Non ci sono solo le radiazioni dello Spazio, i dolori muscolari, la perdita di appetito, il mal di testa o la diarrea a rendere complicato un potenziale viaggio verso il Pianeta rosso (qui tutti gli inconvenienti di una vita da astronauta). Partire per Marte, rimanendo in volo nello Spazio a lungo, significa stravolgere gran parte dei ritmi che scandiscono una normale giornata terrestre. Il sonno in primis, come dimostra uno studio pubblicato su Pnas, basandosi sui dati acquisiti durante Mars500, la missione dell’ Agenzia spaziale europea (Esa) e del Russian Institute for Biomedical Problems, conclusasi a novembre del 2011 per simulare un viaggio di andata e ritorno verso Marte, durata 520 giorni.
I sei membri di Mars500 – tra cui anche l’italocolombiano Diego Urbina – per circa un anno e mezzo (corrispondente ai 250 giorni della durata del viaggio per Marte, a un soggiorno planetario di un mesetto, e ai 240 giorni previsti per ritornare a Terra) – durante la missione hanno condotto una novantina di esperimenti per mimare le situazioni potenzialmente incontrate nel viaggio, accumulando dati preziosi sugli effetti di una lunga permanenza nello Spazio. Sia sotto il profilo strettamente medico sia psicologico.
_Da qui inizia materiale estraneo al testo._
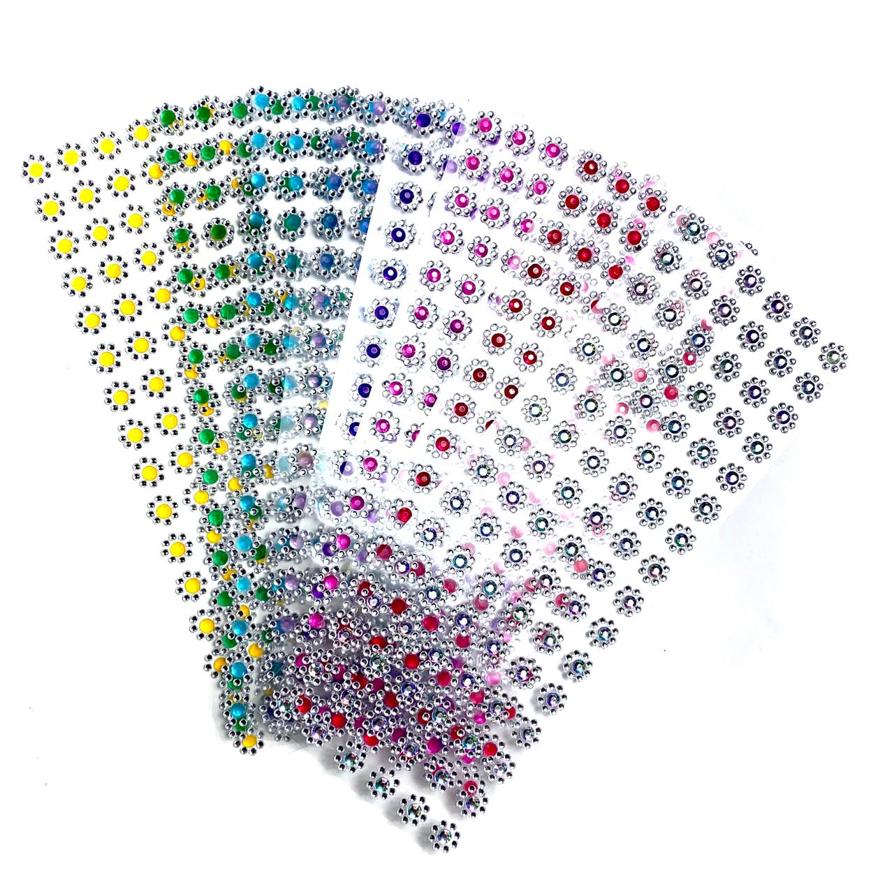 Cartela de Adesivos Flor Strass (1,5cm) – 96 unidades

Il gruppo di ricercatori della Perelman School of Medicine della University of Pennsylvania e del Baylor College of Medicine si è occupato, per esempio, di analizzare i ritmi sonno/veglia e lo stato psicologico dell’equipaggio, per determinare così cambi di umore, fatica e perdite di sonno sperimentati durante la simulazione. Per farlo gli scienziati hanno tenuto in considerazione dati acquisiti tramite actigrafia al polso – un sistema per misurare il movimento delle persone, usato per monitorare i cicli di riposo (sonno), e attività (quindi veglia) – l’esposizione alla luce, i tempi passati svegli e la mole di lavoro eseguita.
È così emerso che l’equipaggio, durante i diciassette mesi di isolamento, ha passato più tempo senza muoversi, sia a riposo che dormendo, e la maggior parte del team ha riferito uno o più disturbi tipici del sonno, cambiamenti negli orari e deficit di vigilanza, indici di uno stravolgimento del ritmo circadiano, come spiegano gli autori su Pnas.
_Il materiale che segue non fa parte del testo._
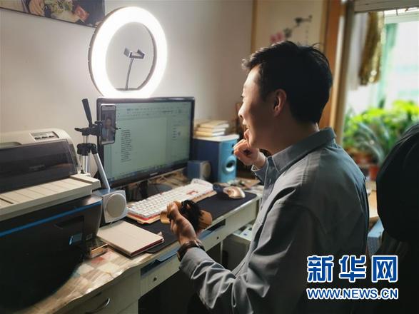 王名乐在家中录制莲花落作品(4月27日摄)。新华社记者 马晓媛 摄

Per gli scienziati i risultati dello studio non vanno solo considerati in previsione di esplorazioni spaziali di lunga durata con equipaggio – che dovranno essere disegnate in modo tale da mantenere il più possibile il naturale ritmo circadiano terrestre – ma hanno implicazioni per tutti, astronauti e non.
Cambiamenti nel ritmo sonno/veglia, infatti, possono riguardare chiunque, e sono in aumento nella società, colpa, anche, di una prolungata esposizione alla luce, dei ritmi di lavoro e della sedentarietà. “Abbiamo bisogno di rivalutare come noi consideriamo il sonno dal momento che riguarda tutta la nostra salute e la capacità di essere produttivi”, ha detto in proposito David F. Dinges della Perelman School of Medicine, uno degli autori: “che si tratti di un astronauta impegnato a raggiungere un altro pianeta o di un neonato che sta imparando a camminare, la necessità del corpo umano di dormire è fondamentale quanto il nostro bisogno di acqua e cibo e parte integrante della nostra capacità di prosperare”.